A statechart interface is generated as an internal subclass within the state machine class. The subclass' name is derived from the statechart interface’s name by prepending the string SCI_.

A special case is the unnamed statechart interface: It is generated as the C++ subclass SCInterface.

An incoming event evA:boolean is generated as the raise function raise_evA(boolean value). Since the event is of type boolean the function has a boolean parameter.

For an outgoing event evB:integer the functions isRaised_evB() and get_evB_value() are generated. The former can be used to determine whether the event has already been raised by the state machine or not. The latter serves to query the value of the event.

For variables, the code generator creates getter and setter functions, here sc_boolean get_a() and void set_a(sc_boolean value).

The code generator also creates appropriately named getter functions in the enclosing class which can be used to acquire the inner classes, here: SCI_Sample* getSCI_Sample().

The nesting class is the generated state machine source code.

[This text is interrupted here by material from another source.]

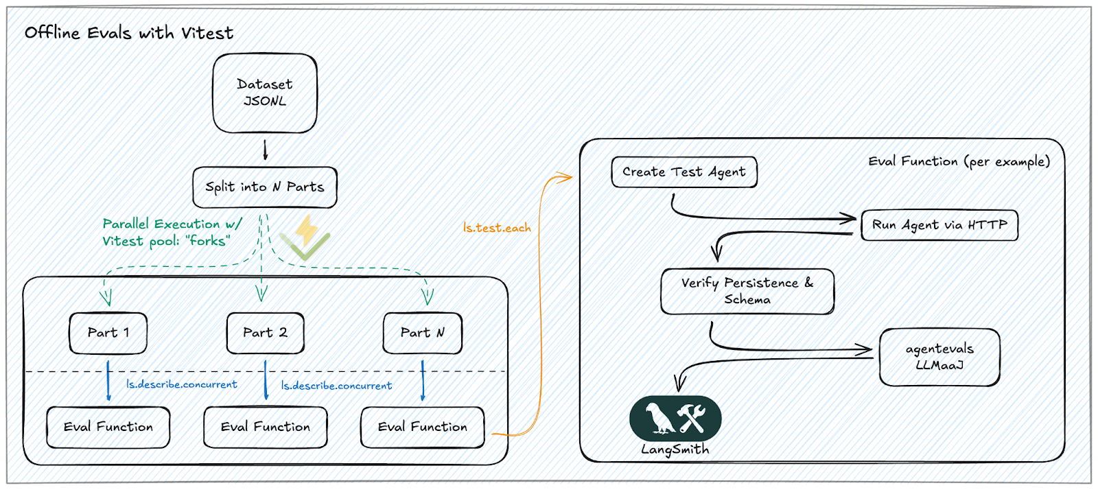 - Concurrency (I/O-Bound): Within each test file, we use ls.describe.concurrent to maximize throughput. Since LLM evaluations are high-latency, concurrency allows us to overlap the latency by firing off dozens of evaluations at once, ensuring the runner never sits idle.

It holds instances of the nested interface class implementations and provides them via getter functions. Have a look at (some snippets of) the source code generated for the Sample statechart interface in the source file DefaultSM.cpp:

void DefaultSM::SCI_Sample::raise_evA(sc_boolean value)
{
	evA_value = value;
	evA_raised = true;
}

sc_boolean DefaultSM::SCI_Sample::isRaised_evB()
{
	return evB_raised;
}

sc_integer DefaultSM::SCI_Sample::get_evB_value()
{
	return evB_value;
}


sc_boolean DefaultSM::SCI_Sample::get_a()
{
	return a;
}

void DefaultSM::SCI_Sample::set_a(sc_boolean value)
{
	a = value;
}

The value of an event can be accessed only if the event has been processed in a run-to-completion step. Otherwise the event could contain an illegal value.

Operation callbacks

YAKINDU Statechart Tools support client code operations that can be used by a state machine and are executed as as actions. These operations have to be implemented in order to make a statechart executable. The figure below shows a sample statechart using an operation:

Specifying an operation callback in the model

Specifying an operation callback in the model

Let’s have a look at the additionally generated code for operation support in the DefaultSM.h header file:

				//! Inner class for Sample interface scope operation callbacks.
				class SCI_Sample_OCB
				{
					public:
						virtual ~SCI_Sample_OCB() = 0;
						
						virtual sc_integer myOperation(sc_integer p1, sc_boolean p2) = 0;
				};
				
				/*! Set the working instance of the operation callback interface 'SCI_Sample_OCB'. */
				void setSCI_Sample_OCB(SCI_Sample_OCB* operationCallback);

An additional interface SCI_Sample_OCB with the pure virtual function sc_integer myOperation(sc_integer p1, sc_boolean p2) has been generated. This interface has to be implemented, and an instance of the implementing class has to be provided to the state machine via the setSCI_Sample_OCB(SCI_Sample_OCB* operationCallback) function, so that the state machine can use it.

#include "DefaultSM.h"

sc_integer DefaultSM::SCI_Sample_OCB::myOperation(sc_integer p1, sc_boolean p2) {
    // Your operation code should be placed here;
    return 0;
}

int main(int argc, char *argv[]) {
    DefaultSM *defaultSM = new DefaultSM();
    SCI_Sample_OCB *sci_Sample_OCB = new SCI_Sample_OCB();

    defaultSM->setSCI_Sample_OCB(sci_Sample_OCB);

    defaultSM->init();
    defaultSM->enter();
    defaultSM->runCycle();
}




Java code generator

Java generator features

Naming feature

The Naming feature allows the configuration of package names as well as class name prefix / suffix.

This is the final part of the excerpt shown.